I'm new to formal languages. I'm stuck with the following question, and can't seem to find a solution to it.
I need a type 1 grammar for:
$$\{a^i \mid i=2j \text{ for some } j\ge0\}$$
I'm aware that type 1 grammar is a context-sensitive grammar where all productions are of type
$$aCb\to acb\;.$$
I can't find how to get a grammar for even powers of $a$. Any help is appreciated. Thanks
The natural idea is to use a production of the form $A\to aAa$ that generates a pair of $a$’s at a time; that clearly has the right form.

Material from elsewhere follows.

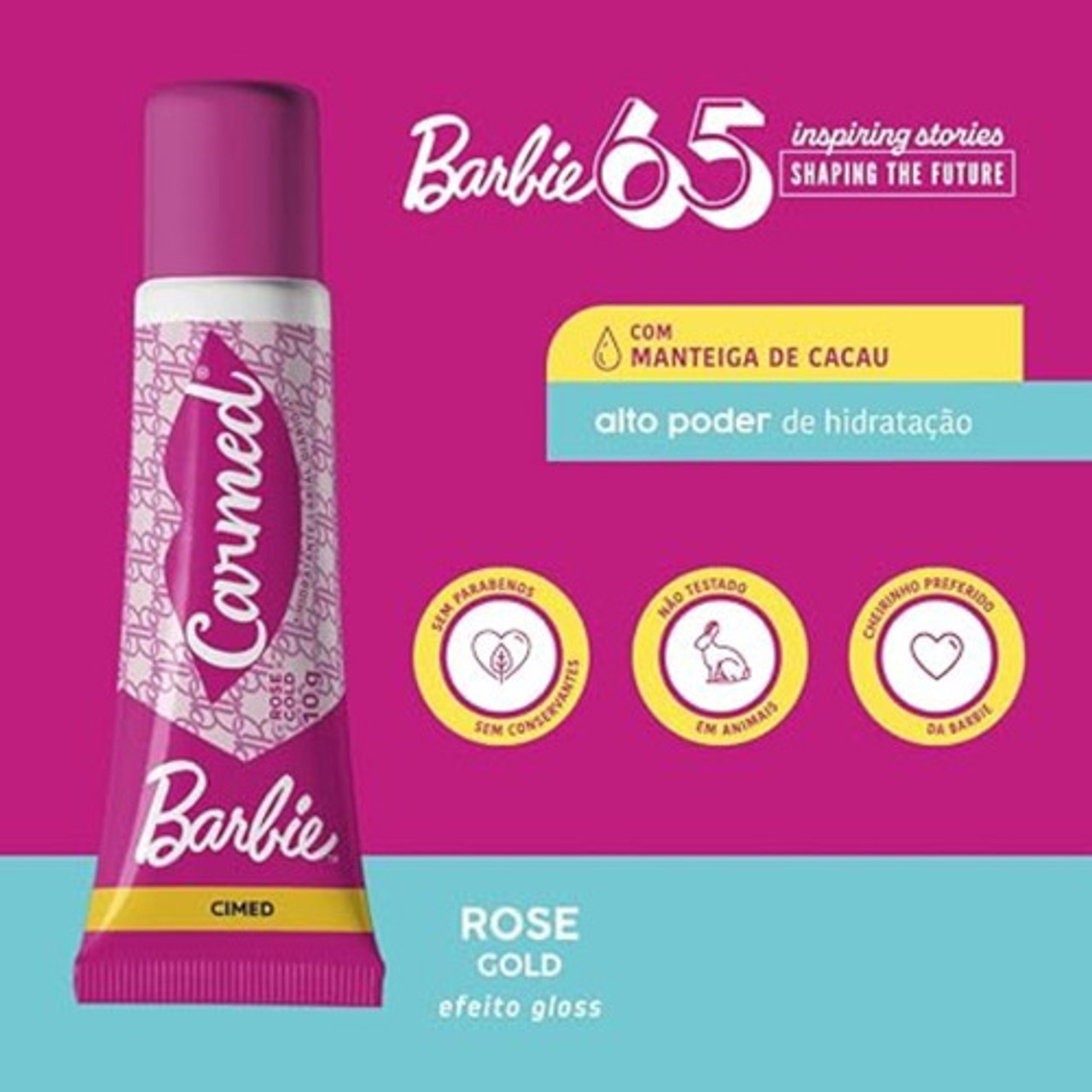 O Hidratante Labial Carmed Barbie Rose Gold 10g combina cuidado intenso com um toque de brilho elegante e feminino. Enriquecido com ativos hidratantes, protege os lábios contra o ressecamento, deixando-os macios, nutridos e com leve efeito glow. A fragrância delicada e a embalagem inspirada no universo Barbie tornam o uso ainda mais especial. Ideal para usar no dia a dia ou por cima do batom. Prático, colecionável e perfeito para quem ama beleza com estilo!
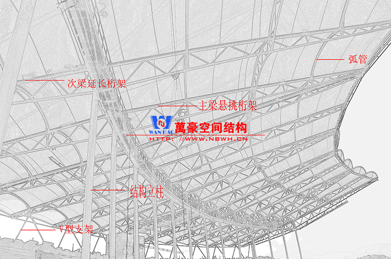 主桁架之间用弧管连接,弧管起着调整各主桁架间的内力分配,同时作为主桁架的侧向支撑,传递侧向水平荷载、提高整体结构的稳定性。弧管呈矢高1m~1.5m的拱形,能更好的支撑膜面,使之更具备自排雨、雪的功能。

We also need to be able to stop generating; $A\to aa$ does the trick, but you may need to convince yourself that it has the right form.
In a Type $1$ grammar with $\Sigma$ as its set of terminal symbols and $N$ as its set of non-terminal symbols the productions (with one exception) must be of the form $\alpha X\beta\to\alpha\gamma\beta$, where $\alpha,\beta\in(\Sigma\cup N)^*$, $X\in N$, and $\gamma\in(\Sigma\cup N)^+$. $A\to aa$ is of that form, with $\alpha$ and $\beta$ empty strings, $X=A$, and $\gamma=aa$. Thus, the grammar with productions
$$\begin{align*} &A\to aAa\\ &A\to aa \end{align*}$$
and initial symbol $A$ almost works: almost, because it doesn’t generate the empty word, which is in the language. This is where the exception that I mentioned comes in. The exception is that in order to be able to generate the empty word, we also allow $S\to\lambda$, where $S$ is the initial symbol, provided that there is no production with $S$ on the righthand side. A grammar that meets these conditions is:
$$\begin{align*} &S\to\lambda\\ &S\to A\\ &A\to aAa\\ &A\to aa \end{align*}$$
(You can replace $A\to aAa$ with $A\to aaA$ or $A\to Aaa$, if you prefer.)